Molecular and cellular dynamics of measurable residual disease progression in myelodysplastic syndromes

Cancer relapse after treatment invariably proceeds from the persistence and progression of measurable residual disease (MRD), an ultrasmall malignant population. Despite the poor prognostic impact established by increasingly sensitive MRD detection methods, the molecular pathways defining MRD remain unknown.
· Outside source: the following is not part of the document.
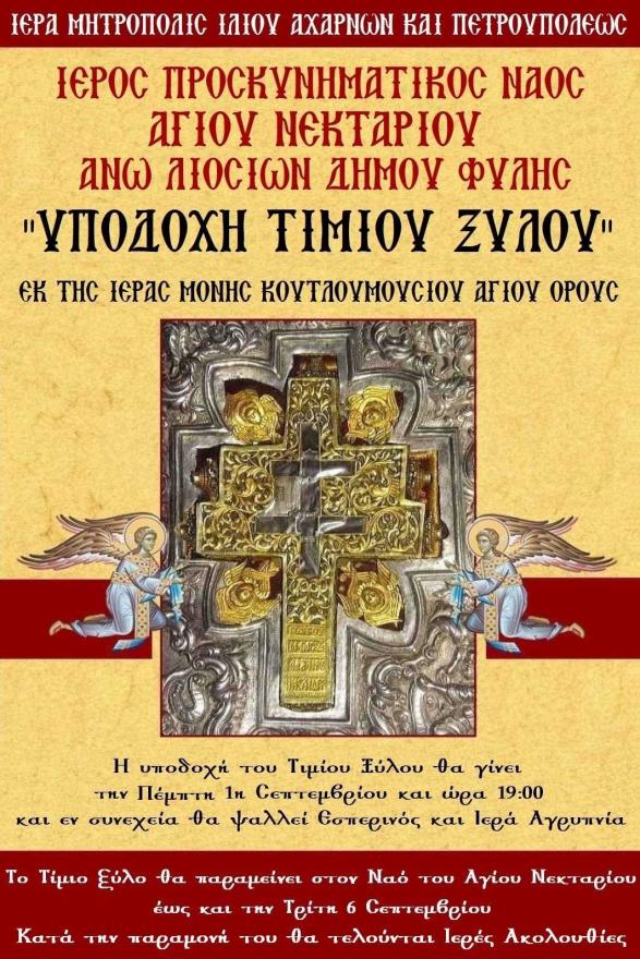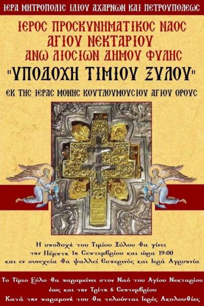 Από την Ιερά Μονή Κουτλουμουσίου Αγίου Όρους θα μεταφερθεί και θα τεθεί προς προσκύνηση τεμάχιο Τιμίου Ξύλου στον Ιερό Προσκυνηματικό Ναό Αγίου Νεκταρίου Άνω Λιοσίων.

To identify the unique features of MRD and the molecular forces shaping its progression, we performed single-cell multi-omic profiling on DNA, RNA and protein layers for a longitudinal patient cohort with relapsed myelodysplastic syndromes (MDS) after stem cell transplantation (SCT), the only curative modality for MDS. We provide a comprehensive molecular portrait of MRD cells with novel markers, shared across genetically heterogeneous patients. MDS relapse after SCT manifested universally with marked phenotypic evolution. Genotype and phenotype analyses revealed MRD progression as a dynamic, evolutionary process rather than a static expansionary one, driven by both subclonal sweeping and cell state transitions. Malignant cells adapted to infiltrating T cells by rewiring IFN-γ responses to activate a key immunoevasive pathway. Our study demonstrates the power of longitudinal, single-cell multi-omic analysis for identifying, tracking, and understanding MRD cells, opening new avenues to target MRD persistence and progression.